During that time, enrolled members of the Osage Indian nation were among the wealthiest people per capita in the world. The rich oil fields beneath their reservation brought millions of dollars into the tribe annually, distributed to tribal members holding "headrights" that could not be bought or sold but only inherited. This vast wealth attracted the attention of unscrupulous whites who found ways to divert it to themselves by marrying Osage women or by having Osage declared legally incompetent so the whites could fleece them through the administration of their estates.
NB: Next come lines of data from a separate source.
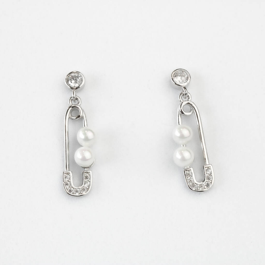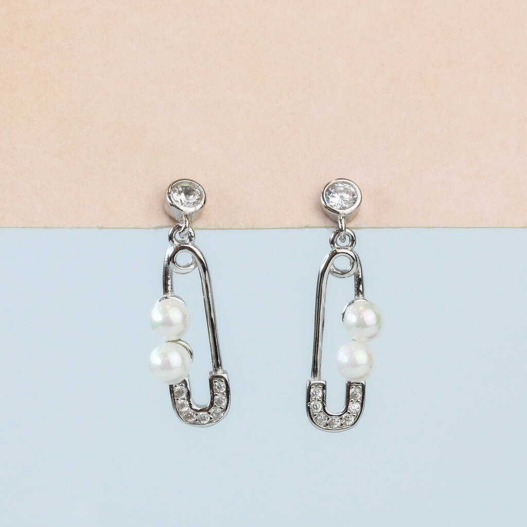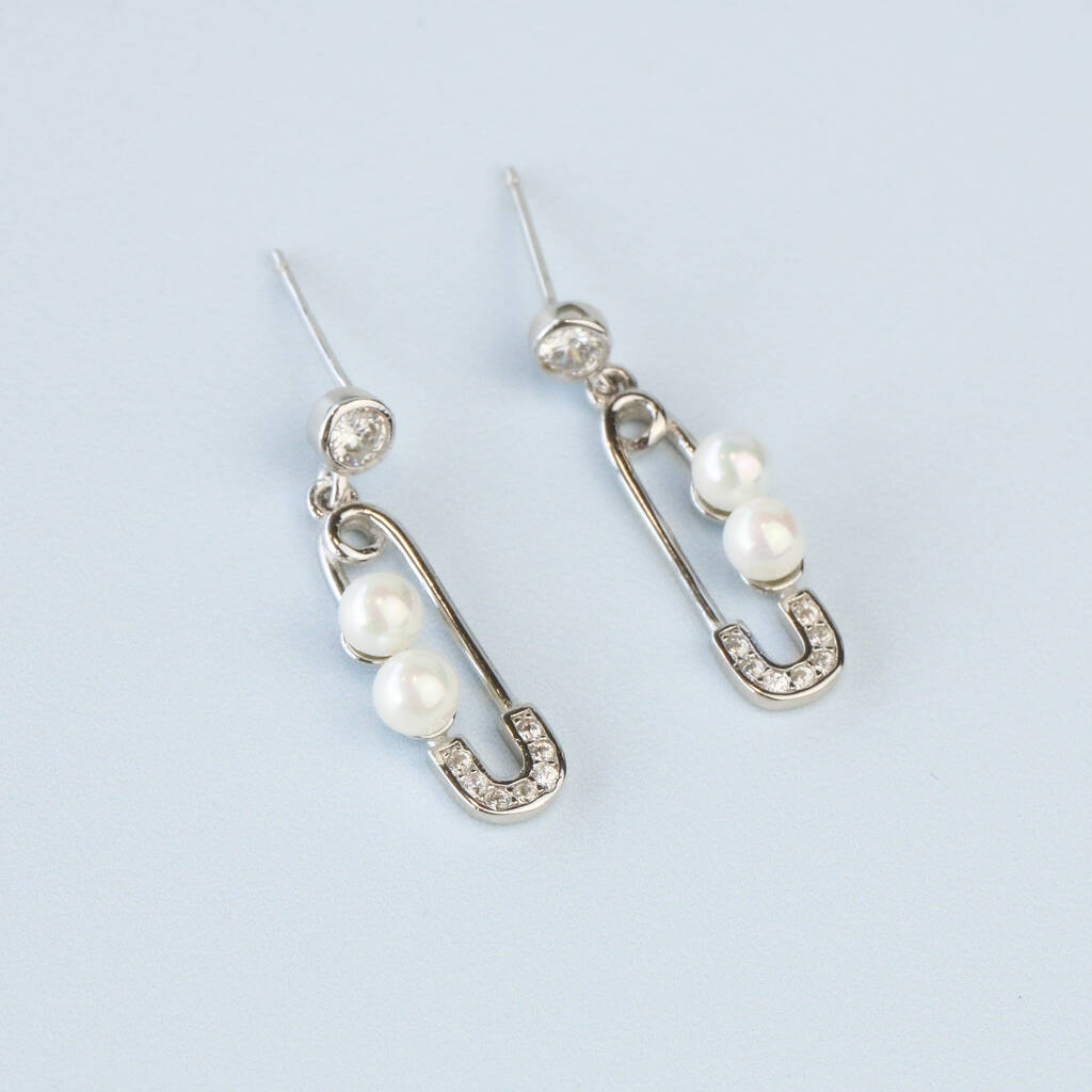 Sterling Silver Pearl Safety Pin Dangle Stud Earrings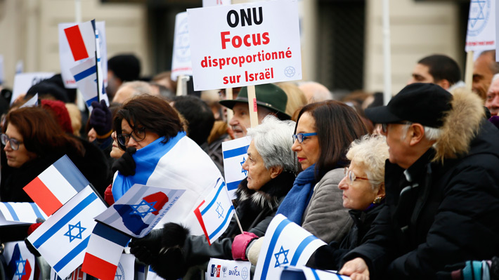 Manifestantes protestan en la capital gala en medio de las negociaciones para alcanzar la paz en Medio Oriente.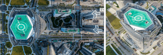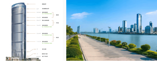 16.4米超高挑空阔绰大堂,挑高13.5米空中大堂WorKiongPark绿色组团,极致电梯速度,顶层云端观光厅,金融岛最大直升机停机坪,高标准停车位,设置总部及集群办公空间。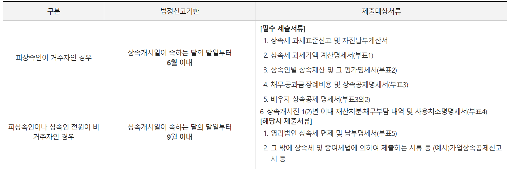 상속인이 사망한 일자를 상속 개시일이라고 하는데요, 거주자일 경우와 거주자가 아닐 경우에 법정 신고기한이 나뉘어집니다. 무신고할 경우 20% 가산세가 청구될 수도 있으니 되도록 기한 내에 신고 및 납부하는 것을 권장 드립니다.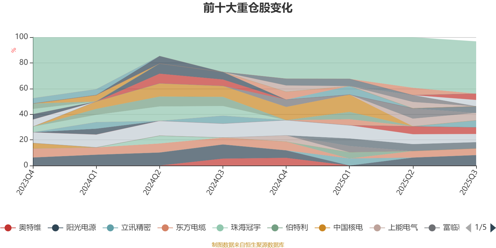该基金持股集中度较高。截至2025年三季度末,基金十大重仓股分别是阳光电源、宁德时代、金风科技、阿特斯、东方电缆、大金重工、新强联、欣旺达、科达利、亿纬锂能。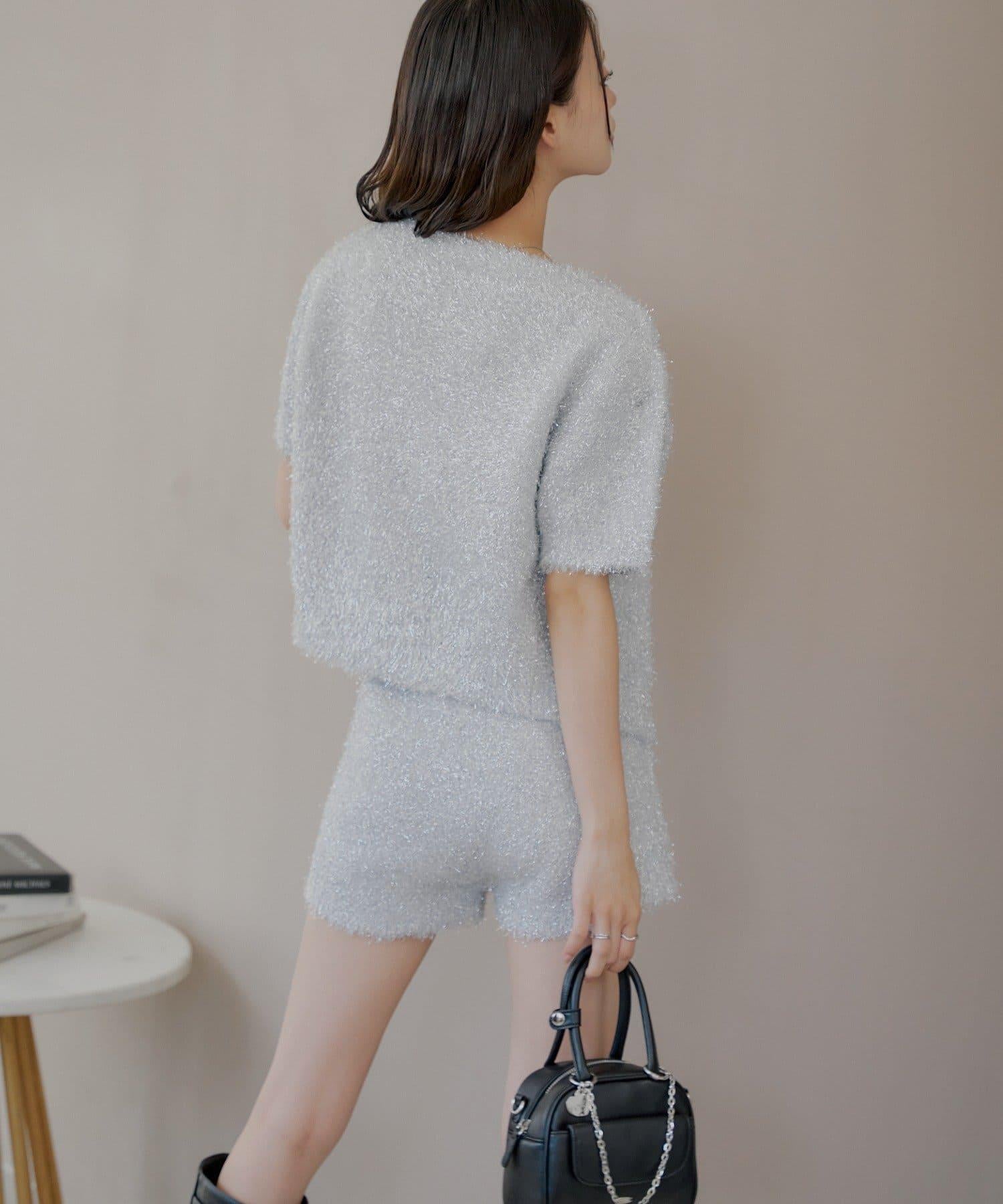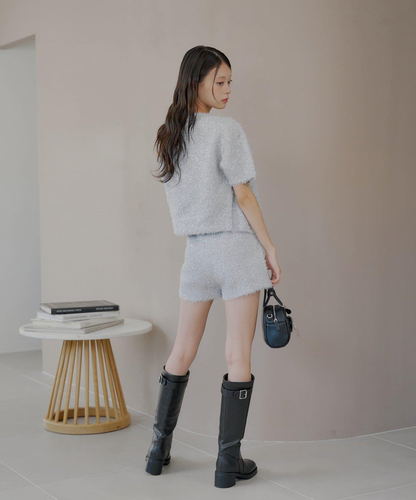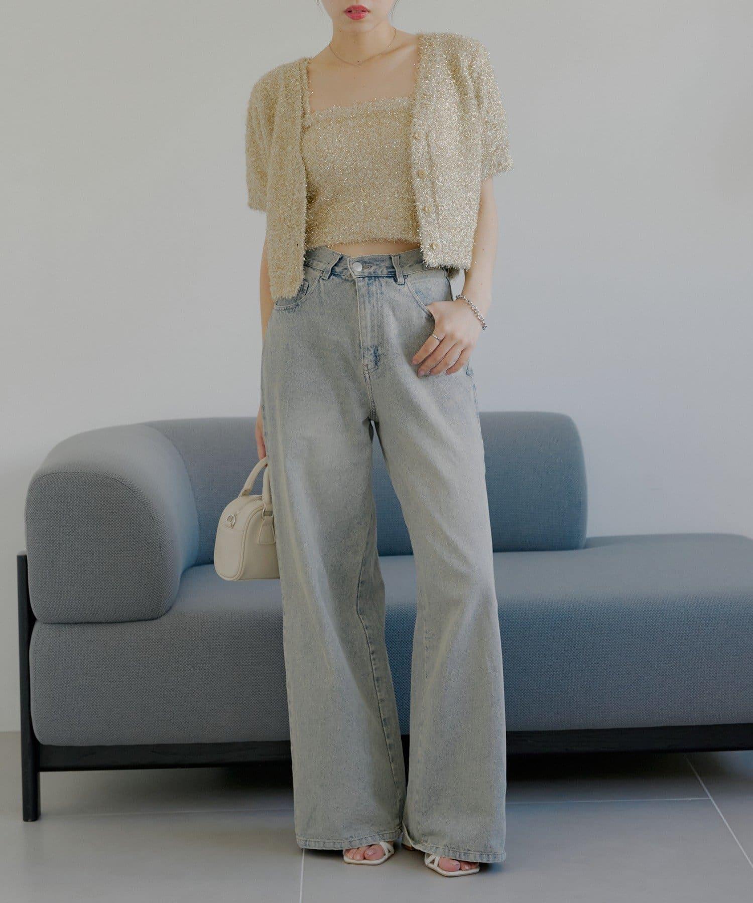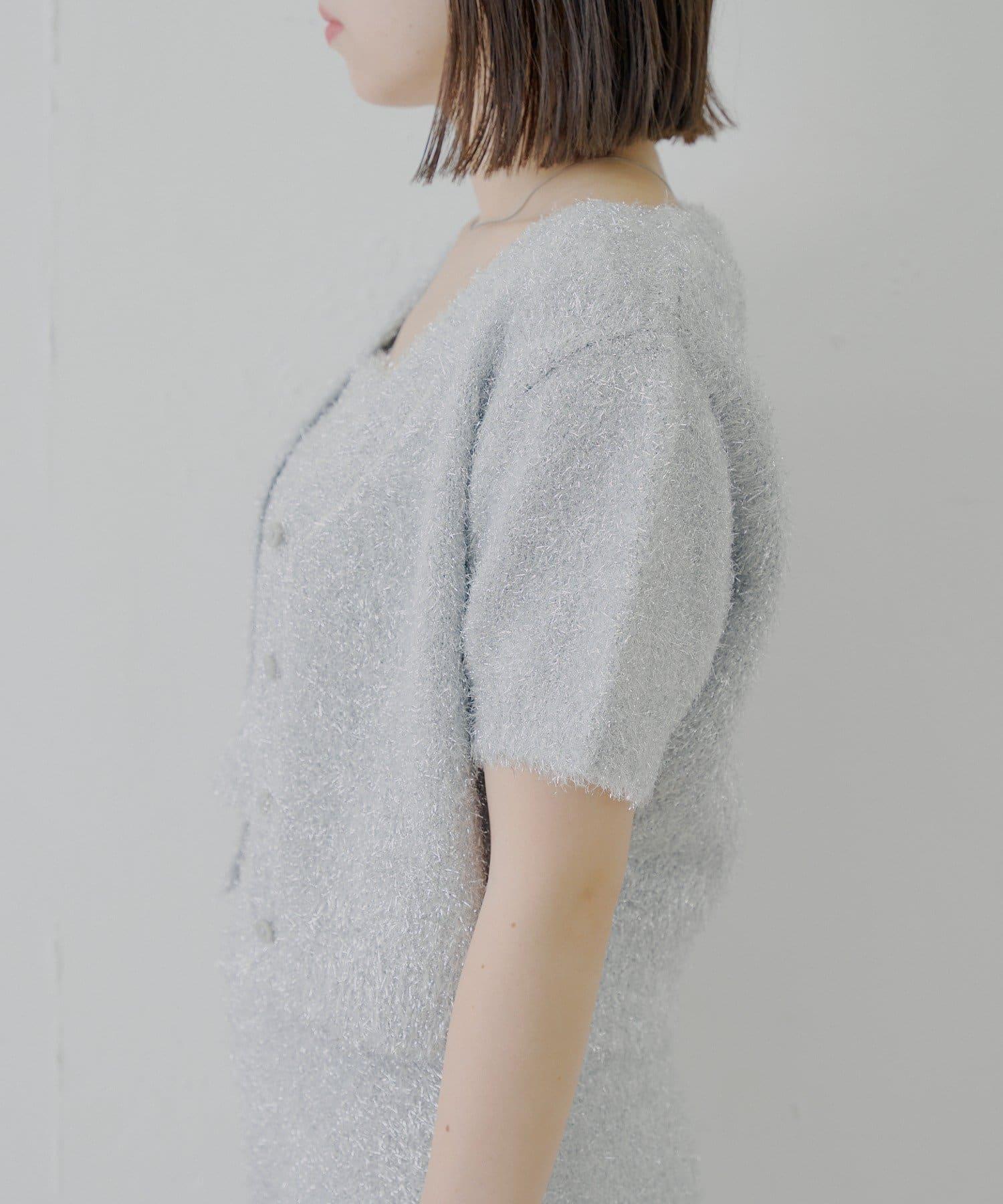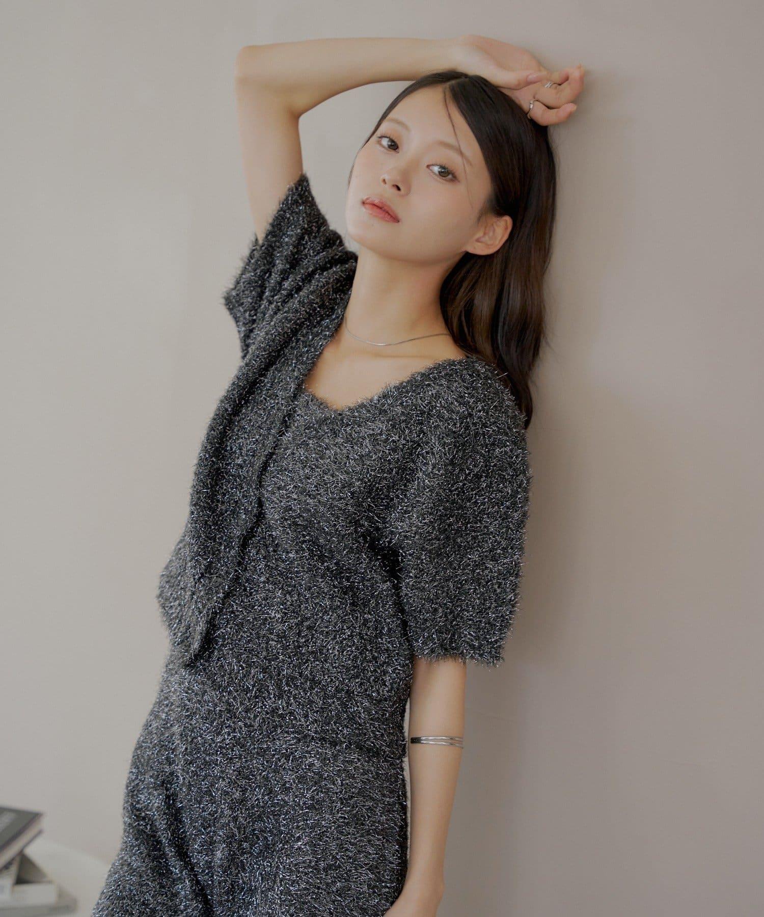 【Chico】亮片長毛針織開衫+抹胸吊帶套裝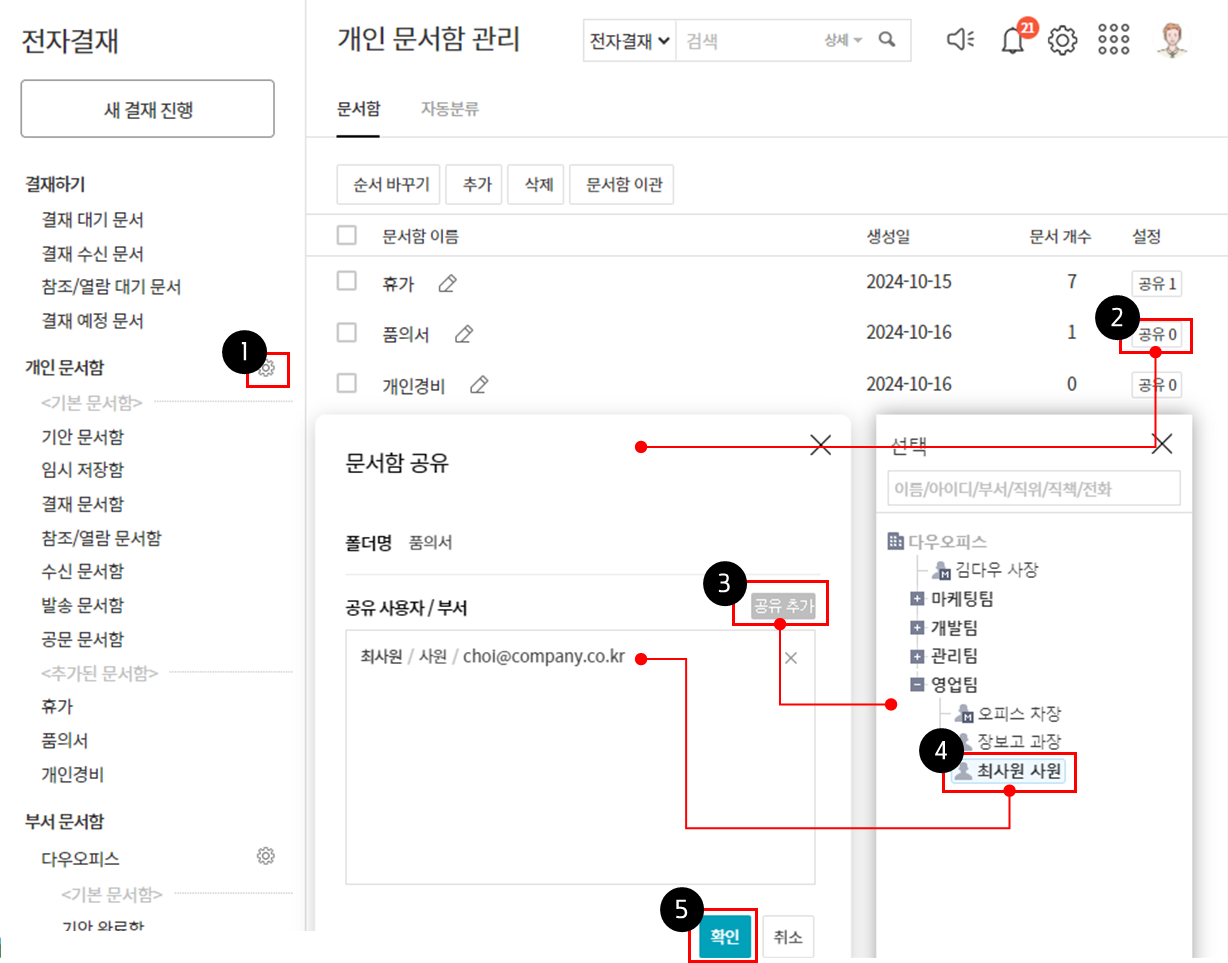 추가로 생성한 문서함은 개인 또는 부서에 공유할 수 있고, 공유받은 개인/부서는 해당 문서함을 함께 확인할 수 있습니다.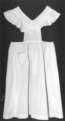 Vermaakte witte schort. Tailleband is vermaakt, waardoor er voor de gekruiste schouderbanden geen knoopsgaten zijn.- Trefwoorden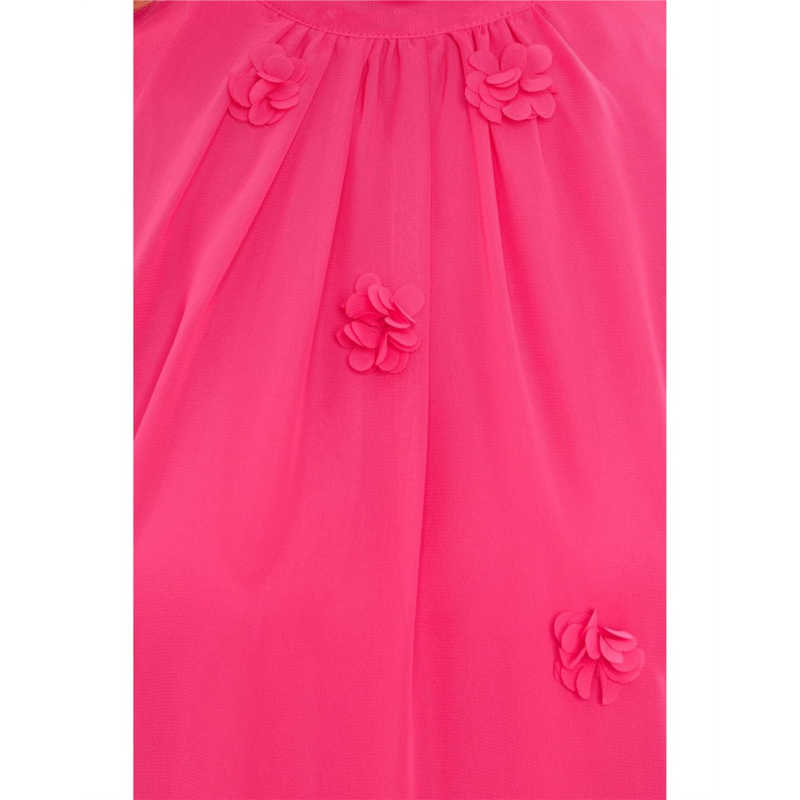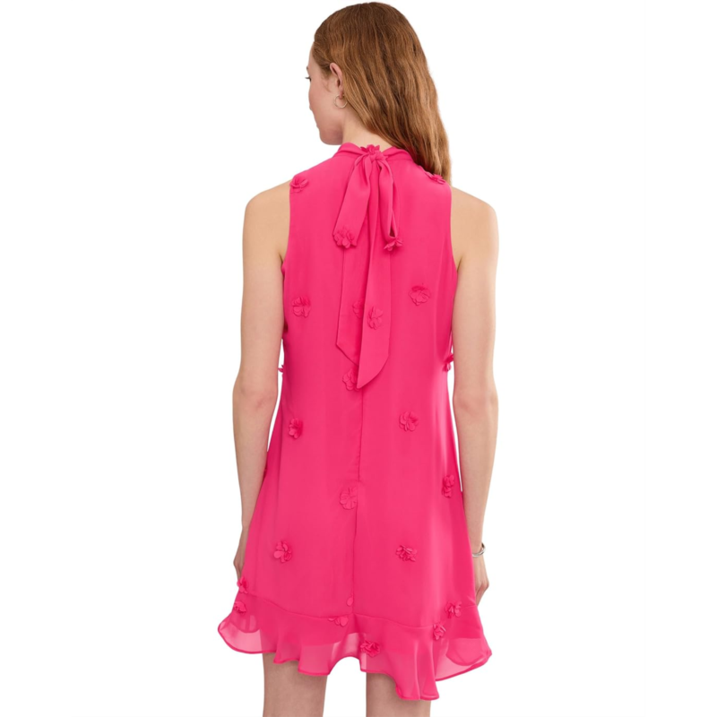 - Let your style and elegance speak for you wearing the CeCe 3D Floral Applique Tie Neck Mini Dress, crafted in a contemporary design with soft textures. This statement mini dress is adorned with dimensional 3D floral appliques and a mock neck with back-tie detail. The sleeveless silhouette and textured embellishments add a whimsical, elevated touch. The slightly ruffled hem completes the look.

For some, however, these deceptive tactics were not enough, and a plague of violent death—by shooting, poison, orchestrated automobile accident, and bombing—began to decimate the Osage in what they came to call the "Reign of Terror." Corrupt and incompetent law enforcement and judicial systems ensured that the perpetrators were never found or punished until the young J. Edgar Hoover saw cracking these cases as a means of burnishing the reputation of the newly professionalized FBI. Bestselling New Yorker staff writer Grann (The Devil and Sherlock Holmes: Tales of Murder, Madness, and Obsession, 2010, etc.) follows Special Agent Tom White and his assistants as they track the killers of one extended Osage family through a closed local culture of greed, bigotry, and lies in pursuit of protection for the survivors and justice for the dead. But he doesn't stop there; relying almost entirely on primary and unpublished sources, the author goes on to expose a web of conspiracy and corruption that extended far wider than even the FBI ever suspected. This page-turner surges forward with the pacing of a true-crime thriller, elevated by Grann's crisp and evocative prose and enhanced by dozens of period photographs.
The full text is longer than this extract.